For convenience of those users who simply want to use kakapo to process raw RNA-seq reads before using the assembler of their choice to perform full transcriptome assemblies, a –stop-after-filter option can be provided, which terminates the pipeline at this point.

Produce BLAST databases for filtered RNA-seq reads

kakapo performs two additional steps on the filtered RNA-seq reads. First, seqtk (Li, 2012) is used to convert the FASTQ files to FASTA files. Second, BLAST (Altschul et al., 1990) databases are generated using makeblastdb (included with BLAST+ set of executables) from the FASTA files generated above.

Process query sequences

kakapo uses a second type of configuration file in which the user can define one or more “search strategy” entries for the genes they wish to search for in the RNA-Seq reads. Each search strategy entry is intended to encapsulate the information about a gene or a gene family, which can then be used by kakapo to find matching RNA-seq reads and assemble transcripts of interest in a targeted manner. The user can tune the parameters of a search strategy to make the search as narrow or as wide as needed. Each search strategy entry can contain a combination of any number of Pfam (Bateman et al., 2002) family and NCBI protein accessions, NCBI Entrez query, and a set of user provided FASTA files. kakapo then combines the amino acid sequences obtained from different sources, and prunes the set based on the sequence identity and length range limits set by the user (also defined within a search strategy entry).
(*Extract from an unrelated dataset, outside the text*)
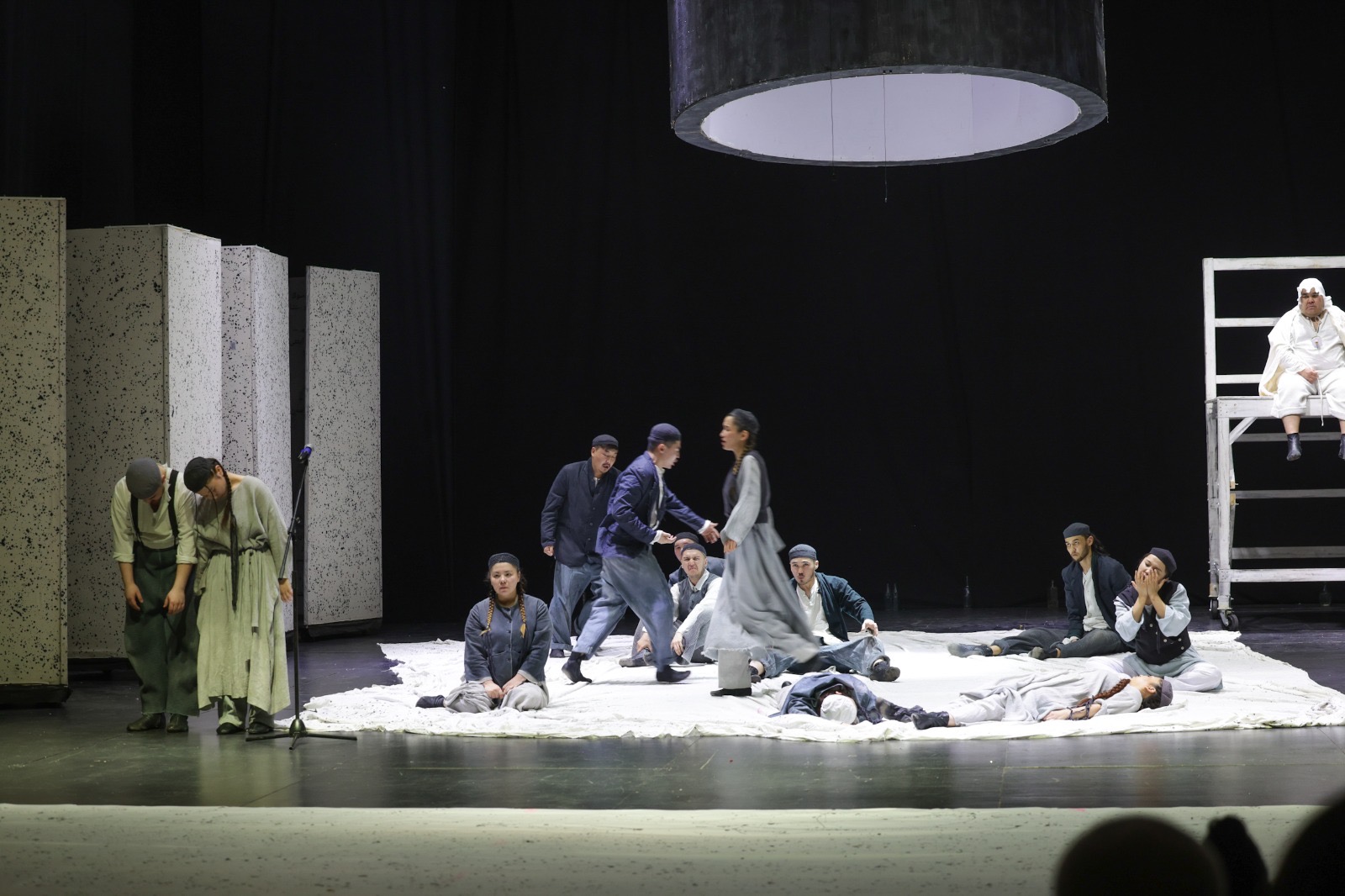 Қойылым Шәкәрім Құдайбердіұлының «Ұждан» атты әңгімесінің желісімен сахналанған. Спектакль адам баласының ар-ұяты, абыройы мен қадір-қасиеті туралы ой қозғайды. Қойылымның сахналық нұсқасын жазған – Нұркен Тұрлыбек, қоюшы режиссер – Азамат Ниғманов. Іс-шараға Сенат пен Мәжіліс депутаттары, жергілікті атқарушы органдардың өкілдері қатысты.

In order for kakapo to process query sequences and to perform the subsequent search, the user needs to provide the path of the search strategies file in addition to the project configuration file described previously:

 
 
kakapo --cfg project_configuration_file --ss search_strategies_file    

Search for RNA-seq reads

To find the candidate RNA-seq reads matching the user provided query, kakapo first runs tblastn (Altschul et al., 1990) using the BLAST databases that were built earlier in the pipeline. The parameters used by tblastn can be changed in the project configuration file. However, the settings provided in the template file have been observed to work well in all the cases we tested. When tuning BLAST parameters for this step, the user should err on more permissive values; the parameter values that produce more hits ought to generally be considered superior. This includes larger thresholds for evalue, max_hsps, and max_target_seqs parameters, and lower qcov_hsp_perc threshold.

To enrich the set of potentially matching reads, the set of hits from the previous step is passed to VSEARCH (Rognes et al., 2016) and used to search the original FASTQ files. Because separate queries may match the same read, the resulting set of reads is checked for duplicate ids and only the reads with unique ids are retained.
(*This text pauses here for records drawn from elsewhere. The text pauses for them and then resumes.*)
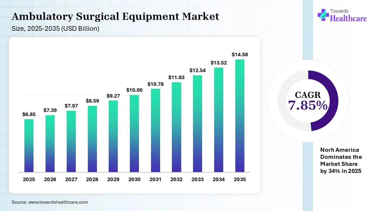 The global ambulatory surgical equipment market size was valued at USD 6.85 billion in 2025 and is predicted to hit around USD 14.58 billion by 2035, rising at a 7.85% CAGR, a study published by Towards Healthcare a sister firm of Precedence Research.
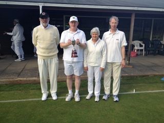 The morning's play consisted of 3 doubles and the St. Albans doubles pairing of Heather Bennett and Andrew Apps, playing consistently well, recorded an early victory over Norwich pair John Reddish and Sarah Barley. As predicted with lunch approaching the heavens opened and for 20 minutes due to the deluge the remaining players had to leave the lawn as playing conditions quickly deteriorated. However, the lawns quickly dried out and the remaining two games both went the distance finishing on time, leaving St Albans on 2 wins, Colchester on 1 and Norwich yet to register.
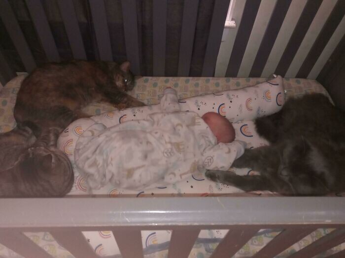 А ещё они являются прекрасными пушистыми нянями или охранниками с усами, внимательно следящими за детьми, пока те спят или бодрствуют.

The resulting set of reads is a targeted subset of the original sample, biased for reads with higher than average sequence similarity to the query sequence.

Targeted transcript assembly

To assemble the transcripts, kakapo runs rnaSPAdes (Rognes et al., 2016) using the reads from the previous step as input. The resulting set of transcripts (if any) may or may not be a good match for the gene of interest, to find only those transcripts that match the provided query sequences, tblastn is used with the parameter values specified in the search strategies file. If a list of FASTA files containing previously assembled transcriptomes was provided by the user, they are also searched at this step.

Transcript annotation

Next, kakapo determines the genetic code for each sample, based on the sample origin (NCBI TaxID) and the genomic source (nucleus, chloroplast (if applicable), mitochondrion). Specifically, the transcripts originating from the reads that mapped to plastid or mitochondrial genomes are assigned the correct genetic code. This is followed by a search for open reading frames (ORFs) in the assembled transcripts, regardless of whether transcriptome assembly was performed using kakapo or provided by the user. Alternative ORFs are classified based on parameter settings in the relevant search strategy entry. The highest scoring ORF is labeled as a coding sequence (CDS). Coding sequences are translated and can be optionally piped through InterProScan 5 (Jones et al., 2014) for functional annotation.

At the end, kakapo produces a series of FASTA files (with associated annotation files in GFF format, where appropriate), containing:

  • complete transcript sequences (nucleotide FASTA)

  • annotations for the transcripts (GFF)

  • extracted ORFs (nucleotide FASTA)

  • extracted ORFs (amino acid FASTA)

A graphical overview of the kakapo workflow described above is presented in Fig. 1.

Overview of the main components of kakapo workflow.

Figure 1: Overview of the main components of kakapo workflow.

Example Data and Analyses

Data

The dataset consists of previously generated reads from a single individual of common house cactus, Schlumbergera truncata (“false Christmas cactus” or “crab cactus”; Ramanauskas & Igić 2021). It is a clonally reproduced epiphyte native to Brazil. A winter-flowering species, it is commonly sold as a houseplant, especially before the short-day peak on either hemisphere. But it is also critically endangered in its native habitat (Taylor & Zappi, 2017).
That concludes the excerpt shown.